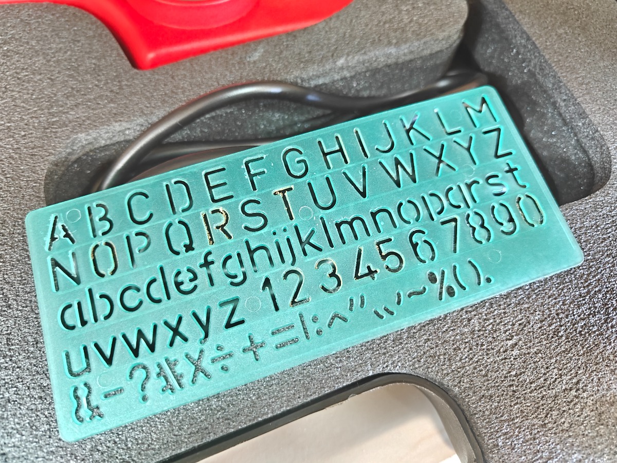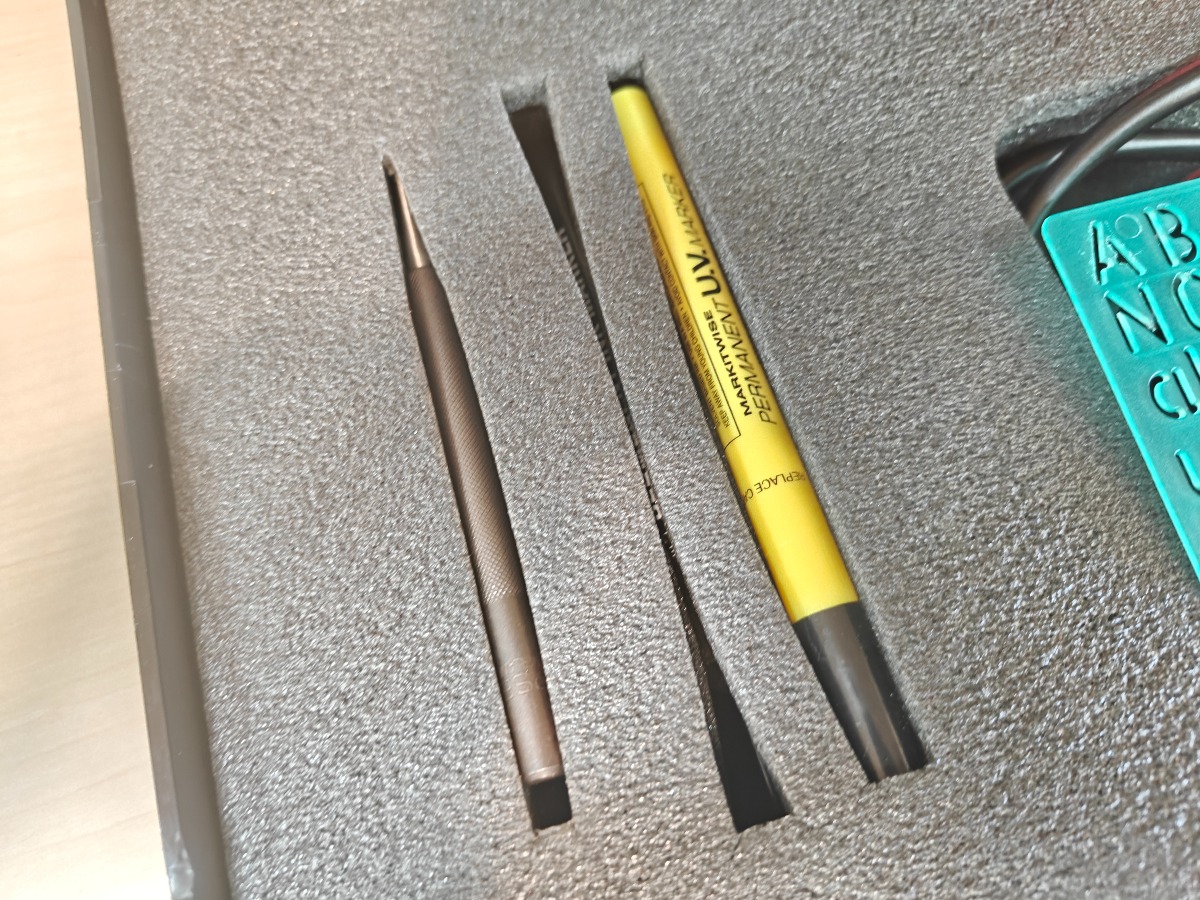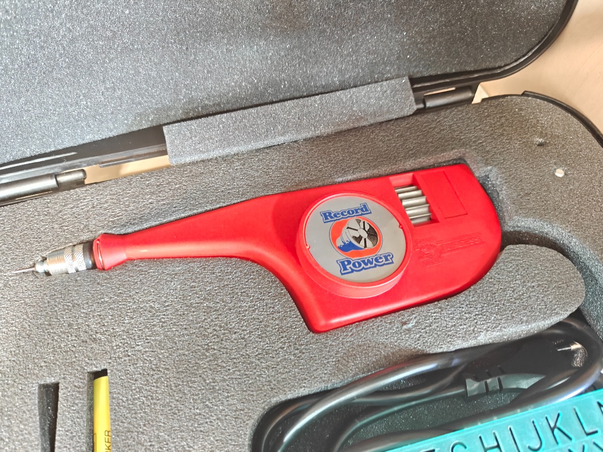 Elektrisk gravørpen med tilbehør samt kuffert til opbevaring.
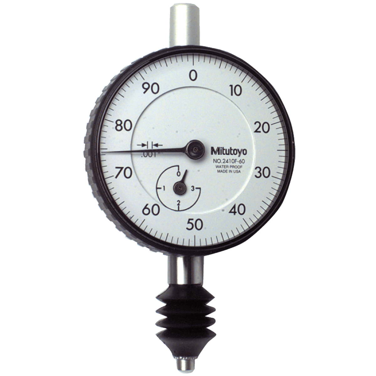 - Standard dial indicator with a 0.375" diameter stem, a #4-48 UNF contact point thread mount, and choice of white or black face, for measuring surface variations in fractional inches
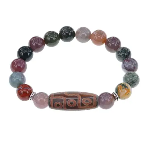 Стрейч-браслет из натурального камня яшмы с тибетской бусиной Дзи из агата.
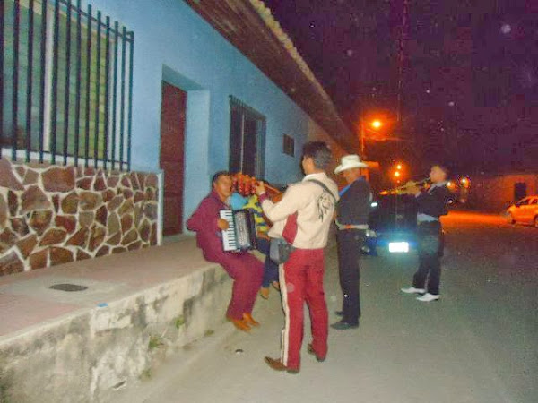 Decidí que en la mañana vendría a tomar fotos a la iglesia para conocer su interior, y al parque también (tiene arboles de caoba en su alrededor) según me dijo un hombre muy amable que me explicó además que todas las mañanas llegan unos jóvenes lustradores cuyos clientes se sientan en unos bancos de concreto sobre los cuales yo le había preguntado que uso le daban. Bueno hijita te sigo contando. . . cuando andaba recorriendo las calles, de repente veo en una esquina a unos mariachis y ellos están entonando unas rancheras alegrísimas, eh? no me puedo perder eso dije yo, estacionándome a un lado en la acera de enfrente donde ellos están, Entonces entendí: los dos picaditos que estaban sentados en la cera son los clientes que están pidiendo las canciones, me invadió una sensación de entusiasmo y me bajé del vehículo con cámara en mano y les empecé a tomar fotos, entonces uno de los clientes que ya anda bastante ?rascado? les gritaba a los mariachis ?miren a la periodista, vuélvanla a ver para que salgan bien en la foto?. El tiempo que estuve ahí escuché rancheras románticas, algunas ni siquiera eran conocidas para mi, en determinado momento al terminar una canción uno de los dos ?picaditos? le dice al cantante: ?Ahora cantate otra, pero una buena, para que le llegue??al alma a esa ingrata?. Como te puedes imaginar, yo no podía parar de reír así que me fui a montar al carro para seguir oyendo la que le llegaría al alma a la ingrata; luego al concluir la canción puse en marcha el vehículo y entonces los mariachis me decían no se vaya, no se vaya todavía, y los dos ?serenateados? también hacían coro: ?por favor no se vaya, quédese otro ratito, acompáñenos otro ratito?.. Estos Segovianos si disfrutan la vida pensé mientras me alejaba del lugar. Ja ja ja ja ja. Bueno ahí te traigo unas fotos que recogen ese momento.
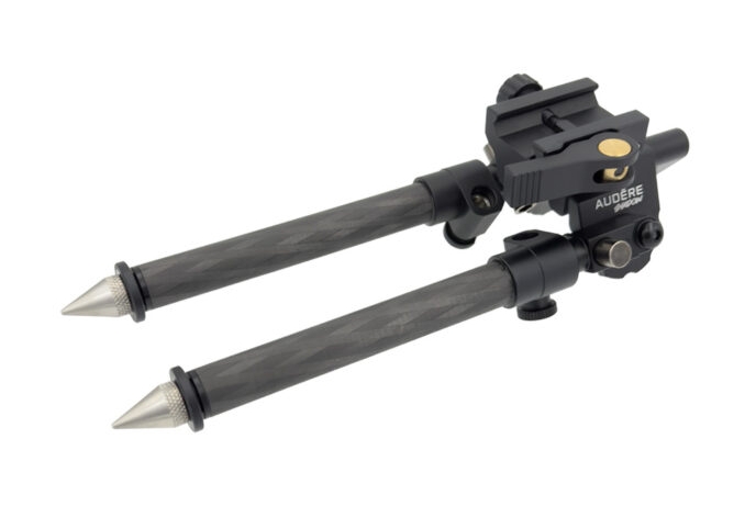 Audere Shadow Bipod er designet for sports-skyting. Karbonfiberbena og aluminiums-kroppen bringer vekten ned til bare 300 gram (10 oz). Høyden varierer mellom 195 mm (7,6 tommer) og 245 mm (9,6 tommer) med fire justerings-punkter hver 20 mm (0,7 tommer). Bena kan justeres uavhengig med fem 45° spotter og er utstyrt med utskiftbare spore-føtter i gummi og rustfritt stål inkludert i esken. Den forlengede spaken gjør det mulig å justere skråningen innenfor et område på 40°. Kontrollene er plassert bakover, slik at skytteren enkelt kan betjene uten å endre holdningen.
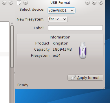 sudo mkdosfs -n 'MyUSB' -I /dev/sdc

----------------------------------------

*PROBLEM DESCRIPTION*. Reproduce only the lines from the first line of the entries through the line containing "Стрейч-браслет из натурального", exactly and with both ends kept. Omit the pictures.

*RESULT OF THE EXERCISE*.
 Elektrisk gravørpen med tilbehør samt kuffert til opbevaring.
 - Standard dial indicator with a 0.375" diameter stem, a #4-48 UNF contact point thread mount, and choice of white or black face, for measuring surface variations in fractional inches
 Стрейч-браслет из натурального камня яшмы с тибетской бусиной Дзи из агата.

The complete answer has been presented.